# what kind of treat can a goat not resist



## dixiegal62 (Aug 18, 2007)

Still cant get my goats to come to me. Im ready to stoop to bribery. Is there any treat a goat just cant not resist?


----------



## coondog (May 1, 2007)

Have you tried some bark?


----------



## Cheribelle (Jul 23, 2007)

Oh my goodness. It would be easier to name what they don't like!
I get day old bread at the bread store by the bag full, they love it. 
Apples, marshmellows, leaves, horse treats, corn chips, sweet feed....


----------



## HazyDay (Feb 20, 2007)

MY killer treats! 

Mix:
Whole wheat flour
Alpine chuncks
Cracked corn
flake oatmeal
steal cut oatmeal
3 grain mix
corn bread mix 

add some molsses till it is all one big ball and let sit in a warm oven for 30 mins! I cut it into little pices and then call the girls! They love it!


----------



## HazyDay (Feb 20, 2007)

make sure to cut it before you heat it! or it will become hard and break into a powder!


----------



## Tater'sPa (Jun 27, 2002)

A handful of raisins works real well


----------



## HilltopDaisy (Feb 26, 2003)

Mine all love crackers. I buy a box of Dollar Store "Ritz" type, and even the shy ones come right up to me.


----------



## dixiegal62 (Aug 18, 2007)

Thanks for the ideas Ill give corn chips a try in the morning since I have some of them if they dont work Ill try another


----------



## armeda (Aug 17, 2006)

dumar horse treats - oatmeal raisin
animal crackers
apples


----------



## Idyllwile (Jul 9, 2007)

Banana chips


----------



## Liese (Dec 12, 2005)

Animal crackers!  Great for training on the milk stand.


----------



## goatsareus (Jun 23, 2007)

apples, dates, any sweet fruit. Cut it up bite size, put it in a bowl on the ground for them, then walk away, so they can try the treat to see what it is. Then approach them with the same treat in your hand, so they understand what treat awaits them.


----------



## Alice In TX/MO (May 10, 2002)

Take a lawn chair out to their pen. Read a book for an hour. Thirty minutes if that's all you can spare. Do it every day. Put the treats near to you at first, on things above the ground so they can find them easily. On a table, a stump, something they climb on.

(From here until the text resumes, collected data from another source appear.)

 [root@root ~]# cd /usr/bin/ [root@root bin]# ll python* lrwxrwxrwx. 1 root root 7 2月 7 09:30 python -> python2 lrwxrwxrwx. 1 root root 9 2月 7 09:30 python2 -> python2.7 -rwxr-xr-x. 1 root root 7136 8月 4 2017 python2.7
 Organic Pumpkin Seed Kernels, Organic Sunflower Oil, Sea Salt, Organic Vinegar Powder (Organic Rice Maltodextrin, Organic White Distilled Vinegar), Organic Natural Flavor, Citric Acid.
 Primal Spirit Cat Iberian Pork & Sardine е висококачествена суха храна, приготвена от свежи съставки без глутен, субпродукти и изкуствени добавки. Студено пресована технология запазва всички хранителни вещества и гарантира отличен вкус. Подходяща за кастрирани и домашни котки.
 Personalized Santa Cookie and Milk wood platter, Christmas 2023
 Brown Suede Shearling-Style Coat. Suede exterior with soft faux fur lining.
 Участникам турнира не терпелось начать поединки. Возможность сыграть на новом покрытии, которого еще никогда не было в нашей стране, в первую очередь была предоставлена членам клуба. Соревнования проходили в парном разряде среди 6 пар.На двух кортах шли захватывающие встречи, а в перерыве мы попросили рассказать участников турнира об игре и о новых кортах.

Don't leave any treats out when you leave.

Move treats closer to you each day until they are eating out of your hand.

Edited to add: Be aware of your body language. If you are looking directly at them and walking toward them with your body stiff, you look like a predator. 

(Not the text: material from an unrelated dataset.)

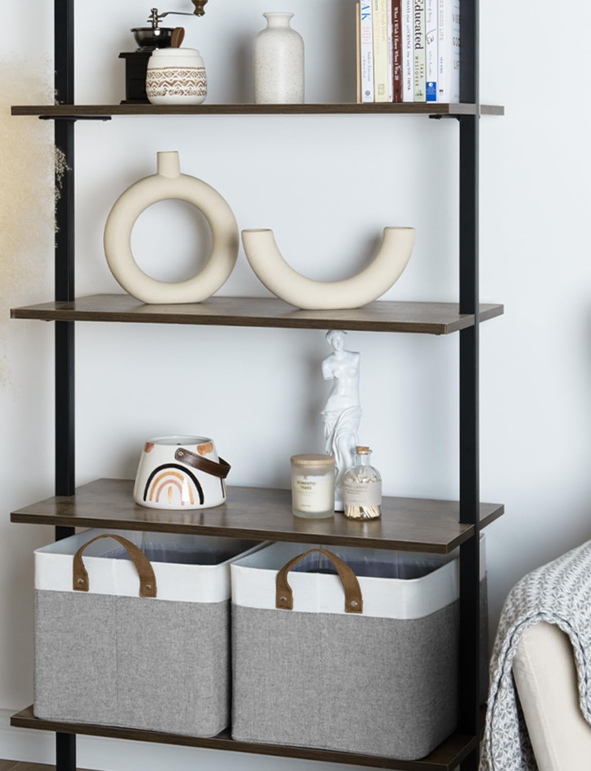 StorageWorks Storage Bins, Fabric Storage Bins for Shelves, Large Storage Baskets with Metal Frame, Closet Baskets and Bins with Handles, Gray and White, 2-Pack

Get low, look meek, don't make eye contact at first.


----------



## DocM (Oct 18, 2006)

I've only found one thing that all of my goats like. Every other thing listed here is liked by a few, but not all (but my goats aren't skittish so maybe your milage may vary, mine are spoiled and picky about snacks). Those berry flavored horse treats sold by Country Supply are a big hit with every goat, they look like broken alfalfa cubes with dried berries.


----------



## 4Hmomwyo (May 7, 2007)

BANANAS!!!! Fresh ones to very ripe ones are THE favorite treat of our Togg---she'll mug you if she sees them. Otherwise, animal crackers are the overall favorite.


----------



## BethW (May 3, 2007)

Rose said:


> Take a lawn chair out to their pen. Read a book for an hour. Thirty minutes if that's all you can spare. Do it every day. Put the treats near to you at first, on things above the ground so they can find them easily. On a table, a stump, something they climb on.


Yep, yep. I spent much of late July reading the final Harry Potter book to my new goaties. I think they really enjoyed it.  

My guys are really picky on treats. They'll spit corn chips out and only 2 of my 3 will eat apples/carrots. Raisins, however, cause a stampede. We do a "raisin run" most nights where they chase me around the yard.

I'm quite sure the neighbors think I'm nuts. :hobbyhors


----------



## fishhead (Jul 19, 2006)

I have a nubian wether that refuses everything but the other wethers love crackers of any sort.


----------



## BackfourtyMI. (Sep 3, 2007)

All of my goats like most any of the snacks everyone here has listed but, I think their most favorite is Grapes. I think they'd do just about anything for them. Seedless green or red!


----------



## AnnaS (Nov 29, 2003)

I was going to post "what I would do" but Rose beat me to it. 

I would do the exact same thing as Rose. I would add, though, that a book is made out of trees and therefore potential goat food.


----------